In first DMZ visit, unification minister praises Comprehensive Military Agreement
Minister of Unification Lee In-young credited North Korea for attempting to honor an all-but-defunct inter-Korean military agreement from two years ago in his first visit to the demilitarized zone (DMZ) on Wednesday.
The visit, which came on the eve of the second anniversary of the Sept. 19 military agreement signed between the two Koreas, was meant to reinforce South Korea’s pledge to uphold peace-seeking measures enshrined in the deal, according to the ministry.
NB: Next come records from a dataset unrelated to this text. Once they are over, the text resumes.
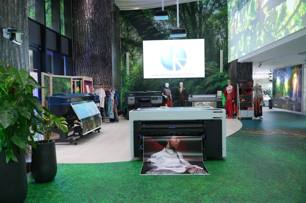 สำหรับสินค้าไฮไลท์ที่จัดแสดงในวันเปิดโซลูชั่น เซ็นเตอร์ ประกอบด้วยเครื่องพิมพ์สิ่งทอแบบ Direct-to-Garment รุ่น Epson Monnalisa ML-8000 ที่ใช้หมึก UltraChrome ฐานน้ำ เครื่องพิมพ์ป้ายขนาดใหญ่ รุ่น Epson SureColor SC-S60670 ที่ใช้หมึก Eco-Solvent หรือรุ่น SureColor SC-R5030L ที่ใช้หมึกเรซิ่น ซึ่งหมึกที่ใช้ในเครื่องพิมพ์เชิงพาณิชย์และอุตสาหกรรมทั้งสามประเภทของเอปสันล้วนแต่ไร้กลิ่น ไร้สารพิษ ช่วยลดมลพิษทางอากาศ และได้รับการรับรองด้านความปลอดภัยและเป็นมิตรต่อสิ่งแวดล้อม จากมาตรฐานระดับโลก อาทิ Greenguard Gold, AgBB และ French-VOC A+ Class เป็นต้น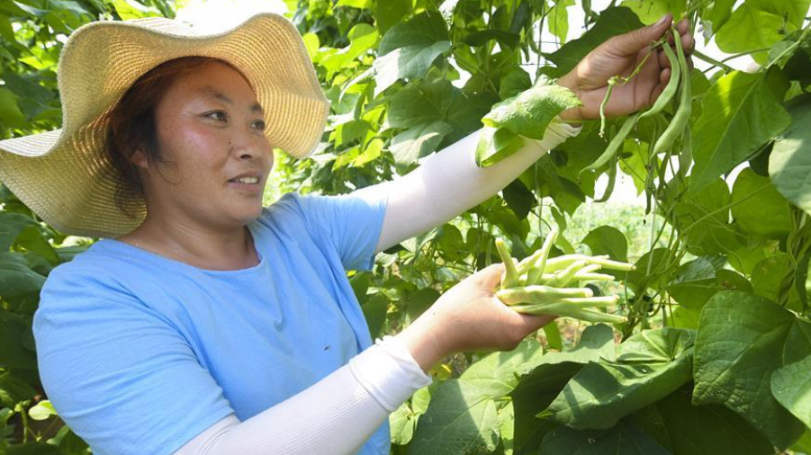 8月2日,已脫貧的建檔立卡貧困戶吳冬梅在河北省大廠回族自治縣現(xiàn)代農(nóng)業(yè)科技示范園區(qū)一家企業(yè)采摘蔬菜。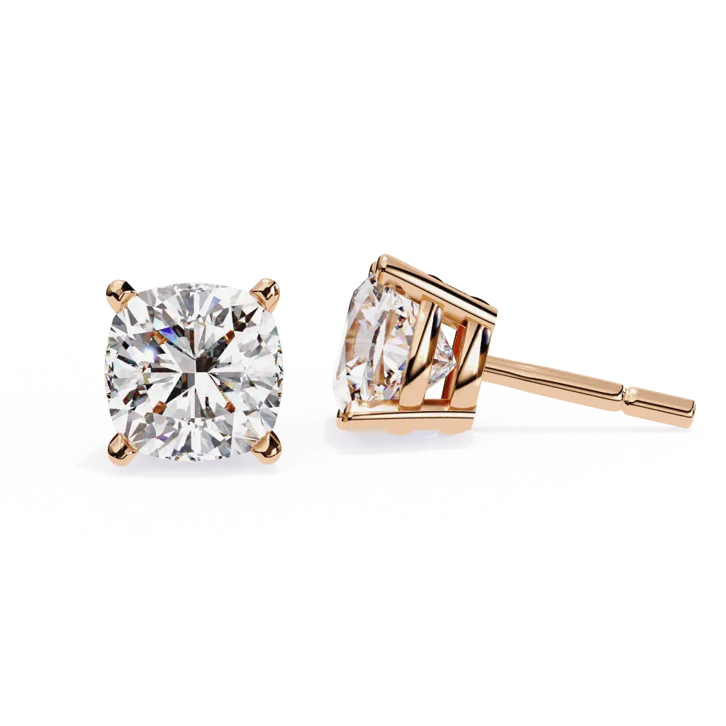These graceful cushion square diamond stud earrings feature elegantly cut diamonds that blend classic charm with modern sophistication. The soft corners of the cushion cut enhance the stones' brilliance, while a secure setting showcases their beauty. Perfect for any occasion, these earrings add a touch of refinement to any outfit.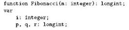 Как и процедура, функция является подпрограммой, то есть фактически представляет собой обособленный фрагмент кода, которому при вызове временно передаётся управление; в принципе, никто не запрещает ей выполнять совершенно произвольные действия. Значение, которое функция в итоге “вернёт” (то самое значение, ради вычисления которого её вызывают), задаётся в коде функции оператором присваивания специального вида, у которого в левой части вместо имени переменной записано имя самой функции. Наша функция Cube из одного этого оператора и состоит, но бывают случаи более сложные. Например, хорошо известна последовательность чисел Фибоначчи, в которой первые два элемента равны единицам, а каждый последующий равен сумме двух предыдущих: 1, 1, 2, 3, 5, 8, 13, 21, 34,... Функция, вычисляющая число Фибоначчи по его номеру, могла бы выглядеть, например, так (учитывая быстрый рост этих чисел, мы будем использовать для их нумерации числа типа integer, а для работы с самими числами Фибоначчи — числа типа longint):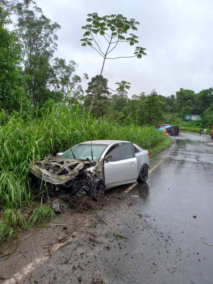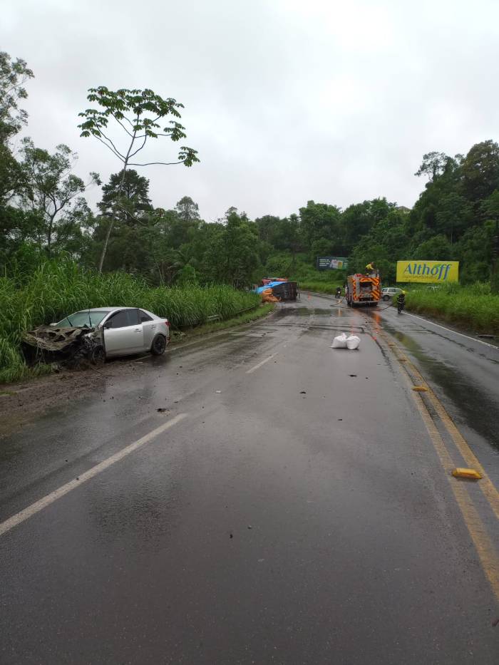 Na manhã desta terça-feira (5), por volta da 10h, na cidade de Urussanga, a guarnição do Corpo de Bombeiros foi acionada para o atendimento de um acidente de trânsito no Bairro Linha Rio Maior, sobre a rodovia SC-108. Ao chegarem no local, confirmaram a natureza da ocorrência, tratando-se de uma colisão frontal seguida de capotamento envolvendo um automóvel de passeio e um caminhão de transporte que carregava fumo.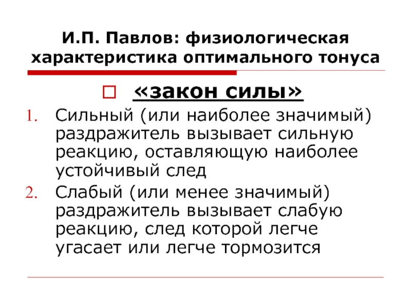 Слайд 8И.П. Павлов: физиологическая характеристика оптимального тонуса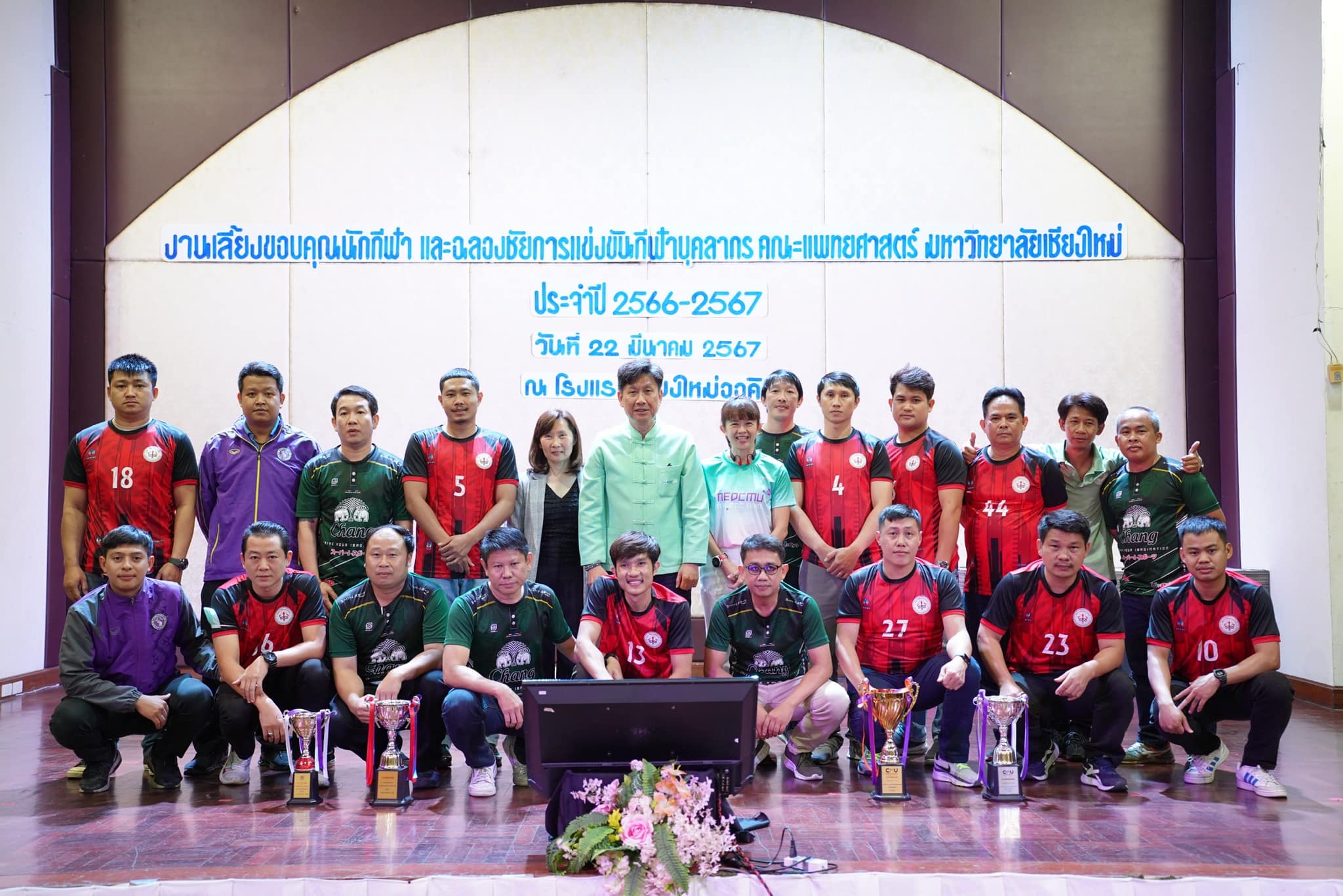 รศ.นพ.ณัฐพงศ์ โฆษชุณหนันท์ รองคณบดีคณะแพทยศาสตร์ มช. เป็นประธานในพิธีเปิดงานเลี้ยงขอบคุณนักกีฬาและฉลองชัยการแข่งขันกีฬาบุคลากรคณะแพทยศาสตร์ มช. ประจำปี 2566-2567 โดยมีทีมนักกีฬาที่ได้รับรางวัลทั้งหมด 17 ทีม พร้อมด้วยคณะผู้บริหาร คณาจารย์ และบุคลากรเข้าร่วมภายในงาน เพื่อสร้างความสัมพันธ์อันดีและร่วมส่งกำลังใจให้แก่นักกีฬา เมื่อวันที่ 22 มีนาคม 2567 ณ โรงแรมเชียงใหม่ออคิด อ.เมือง จ.เชียงใหม่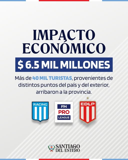 Durante las últimas semanas, cerca de 40 mil personas, provenientes de distintos puntos del país y del exterior, arribaron a Santiago del Estero para participar y disfrutar de propuestas de gran convocatoria, como la Pro League de Hockey y la Final del Torneo Clausura de la Liga Profesional de Fútbol, disputada entre Racing Club y Estudiantes de La Plata.

Crediting the agreement for relaxing intense tensions that almost reignited hostilities between the two countries in 2017, Lee called the military pact “worthy of high praise” for bringing about a failsafe against potential military conflict on the peninsula.
The Comprehensive Military Agreement was signed by military chiefs of the two Koreas at the third inter-Korean summit at Pyongyang in September 2018. It stipulates that both sides will halt any acts of mutual military hostility, and calls for a gradual disarmament of the heavily fortified DMZ and its neighboring waters.
But as relations faltered between the two Koreas along with the North’s denuclearization talks with Washington, Pyongyang appeared to renege on the agreement by conducting weapons tests near the border while criticizing Seoul for kowtowing to the United States.
In June, the peninsula was plunged into crisis once again after Pyongyang unilaterally demolished an inter-Korean liaison office in their border city of Kaesong — the most lasting result of the two-year rapprochement.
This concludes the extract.